Canada-born, Glasgow-based composer Emily Doolittle’s music has been described as “eloquent and effective” (The WholeNote), “masterful” (Musical Toronto), and “the piece…that grabbed me by the heart” (The WholeNote). Originally from Halifax, Nova Scotia, Emily was educated at Dalhousie University, the Koninklijk Conservatorium in the Hague, Indiana University and Princeton University. From 2008-2015 she was Assistant/Associate Professor of Composition and Theory at Cornish College of the Arts. She has been at the Royal Conservatoire of Scotland, where she is an Athenaeum Research Fellow and Lecturer in Composition.
Emily’s work is regularly performed across the UK, Canada, the US, and Europe, and she has been commissioned by such ensembles as the Vancouver Symphony, Orchestre Métropolitain (Montreal), Tafelmusik Baroque Orchestra (Toronto), Symphony Nova Scotia, the Vancouver Island Symphony, Ensemble Contemporain de Montréal, Paragon, the Kapten Trio, and such soloists as sopranos Suzie LeBlanc, Janice Jackson, Patricia Green and Helen Pridmore, pianist Rachel Iwaasa, violinist Annette-Barbara Vogel, viola d’amorist Thomas Georgi and viola da gambist Karin Preslmayr.
Emily has an ongoing research and musical interest in zoomusicology, the study of music-like aspects of animal songs. She has explored this in a compositions such as Woodwings, Bowheads, and Reedbird, as well as in her doctoral dissertation at Princeton and in collaborative research with biologists and ornithologists. Recent zoomusicological publications include “Hearken to the Hermit Thrush: A Case Study in Interdisciplinary Listening,” “Zoomusicology: a Quick Guide” (co-authored with Bruno Gingras), and “O Canto do Uirapuru: Consonant intervals and patterns in the song of the musician wren” (co-authored with Henrik Brumm). She is also interested in art and environmental activism, and was recently awarded Royal Society of Edinburgh Research Workshop funding to co-organize the talk and concert series Art-Making in the Anthropocene with colleagues Sarah Hopfinger and Stuart MacRae. Other recurrent research and compositional interests include folklore, musical story-telling, music and gender, parenthood and creativity, and making music for and with children.
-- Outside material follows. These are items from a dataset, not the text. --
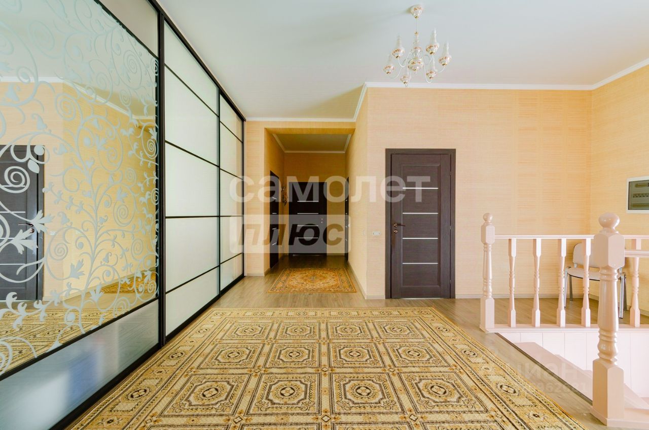 Открывается просторный второй этаж, оснащен большим количеством естественного освещения, с прекрасными видовыми характеристиками! Холл - 25 кв.м. Стены выровнены, окрашены. Натяжной потолок. Полы плитка при входе в гостиную-кухню, и ламинат. С холла входы на гостиную кухню, спальни и летнюю закрытую террасу. Установлен глубокий, вместительный шкаф купе с зеркальными и стеклянными дверьми. Гостиная-кухня - 50 кв.м. для большой, дружной семьи и гостей! Имеет прекрасное освещение за счет трех окон. Выполнен ремонт: стены выровнены, обои. Потолок натяжной. Полы ламинат. Установлена мебель : кухня во всю стену из фасадов МДФ с встраиваемой бытовой техникой. Обеденный стол и стулья в классическом стиле из материалов массива, производство Италия. Диван из натуральной кожи, в молочном цвете. Бытовая техника: Холодильник двух створчатый, Духовой шкаф, варочная панель. Комната спальня - 20 кв.м. Светлая, уютная с двумя большими окнами. Выполнен ремонт: стены выровнены, потолок натяжной, полы ламинат. Установлена элитная Итальянская мебель из массива, в классическом стиле, глубокого, насыщенного цвета. Двуспальная кровать, тумбы прикроватные, комод-консоль, шкаф четырех дверный, пуфик. Комната спальня - 18 кв.м. Стены выровнены, обои. Потолок натяжной. полы ламинат. Оснащена мебелью: кровать двуспальная, шкаф угловой, комод, тумбы прикроватные, кресло. Комната компьютерная - 14 кв.м. Стены выровнены, обои. Потолок натяжной. Полы ламинат. Оснащена всей необходимой мебелью. Душевая - 10 кв.м. Светлая, с окном. Выполнен ремонт: стены панели. Потолок натяжной. Полы плитка. Установлена большая душевая кабина. Тумба с раковиной. Навесные шкафы с зеркалом. Стеллаж. Стиральная машина автомат. Сан.узел светлый с окном - 6 кв.м. Установлена сантехника. Помывочная для рук. Выход на летнюю, закрытую террасу - 150 кв.м. Это место является притяжением для гостей и мероприятий! Предусматривает зоны для спорта, отдыха, бильярдную, бильярдный стол установлен.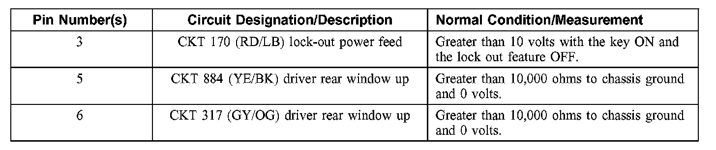 Driver Rear Window Control Switch C701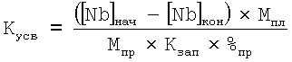 где Мпл – масса плавки, т; Кусв – коэффициент усвоения (принят 90% по заводской статистике); [Nb] – планируемое содержание ниобия в металле, %; %пр – среднее содержание ниобия в наполнителе, %; Кзап – коэффициент заполнения феррониобия в порошковой проволоке (принят 0,78). 2. Отдача порошковой проволоки с феррониобием 60 с последующим отбором пробы металла и определением содержания в ней ниобия. 3. Расчет фактического коэффициента усвоения ниобия: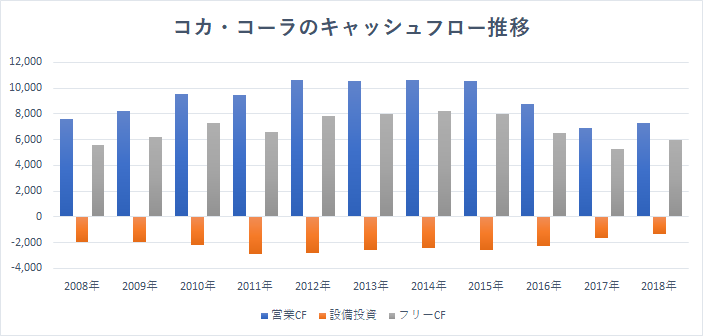 コカ・コーラのキャッシュフローの推移を眺めると、本業の儲けを表す営業キャッシュフローが下落基調だったものの、底打ちの兆しを見せています。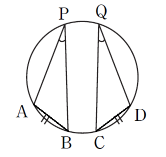 호AB = 호CD ( 또는 $ \overline{AB}=\overline{CD}$ ) 이면 $ \angle APB = \angle CQD$
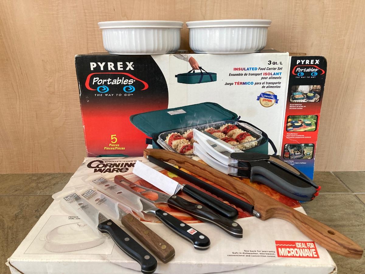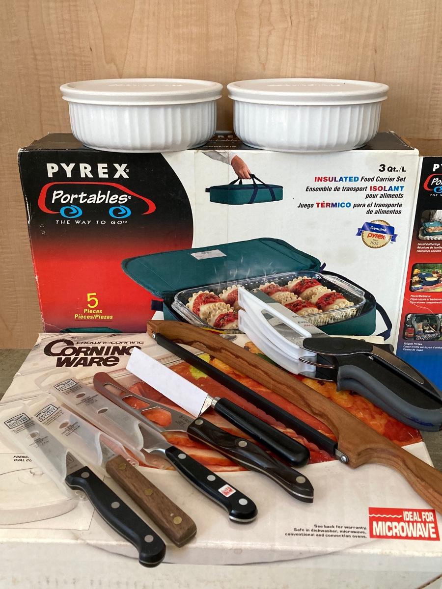 LOT 99: Kitchen Collection - Pyrex Portables, Corning Ware, Cutlery (Cutco, Pampered Chef and Chicago)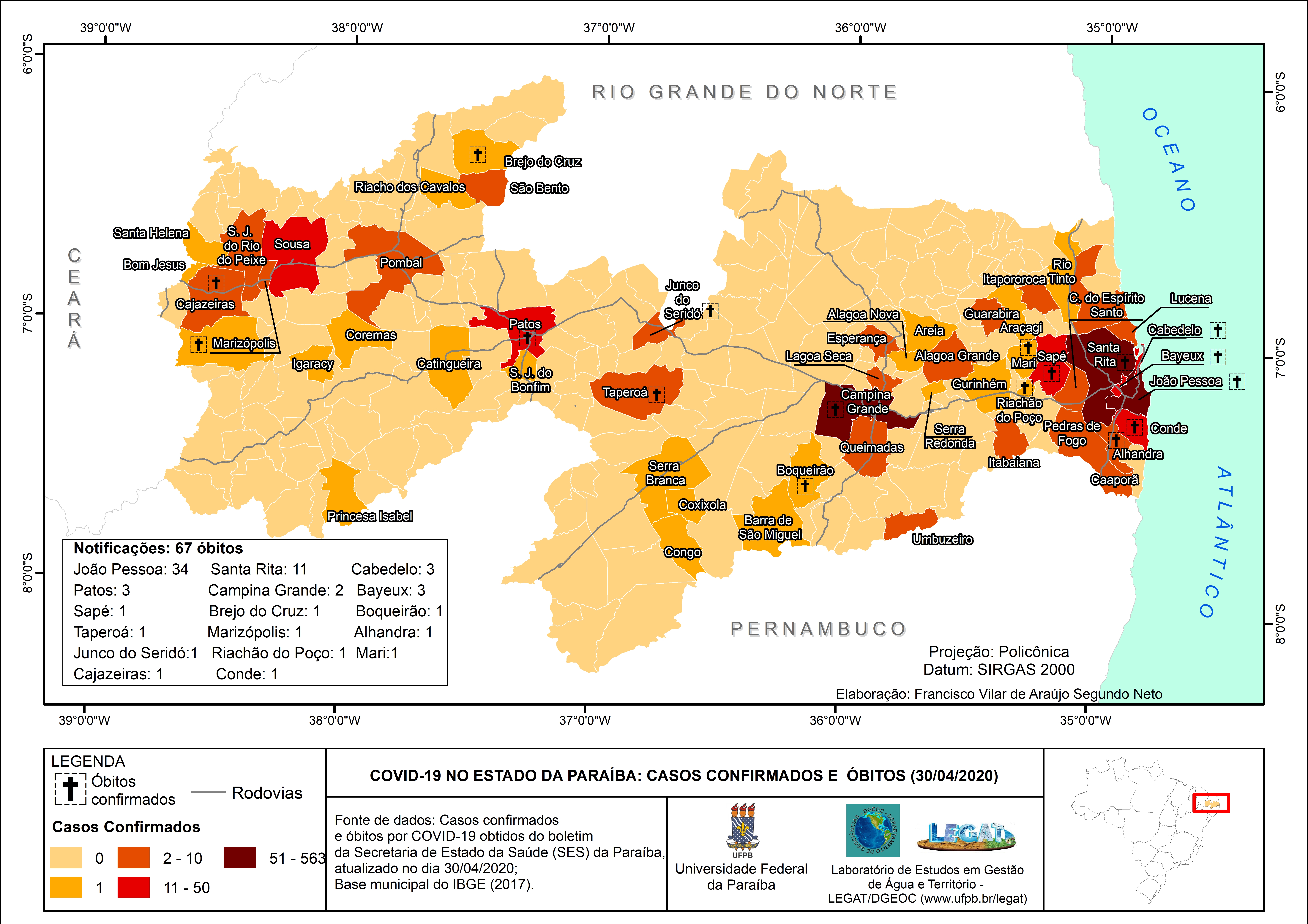 Casos confirmados e óbitos por COVID-19 no estado da Paraíba (30/04/2020).

Emily has received a number of awards for her music, including an Opera America Discovery Grant, the Roberta Stephenson Award, a Sorel Organization Recording Grant, the Theodore Front Prize, two ASCAP Morton Gould Awards, and the Bearn’s Prize. Her work has been supported by grants and commissions from Creative Scotland, the Hope Scott Foundation, the Hinrichsen Foundation, the Canada Council, the Nova Scotia Arts Council, Socan, FIRST Music, the Montreal Arts Council, the Conseil des arts et Lettres du Quebec, the Artist Trust, the Eric Stokes Fund, The Culture and Animals Foundation, and ASCAP, and with funded artist residencies at MacDowell, Ucross, Blue Mountain Center, Banff, and the Center for Contemporary Art in Glasgow. Her chamber music CD all spring was released on the Composers Concordance label in 2015.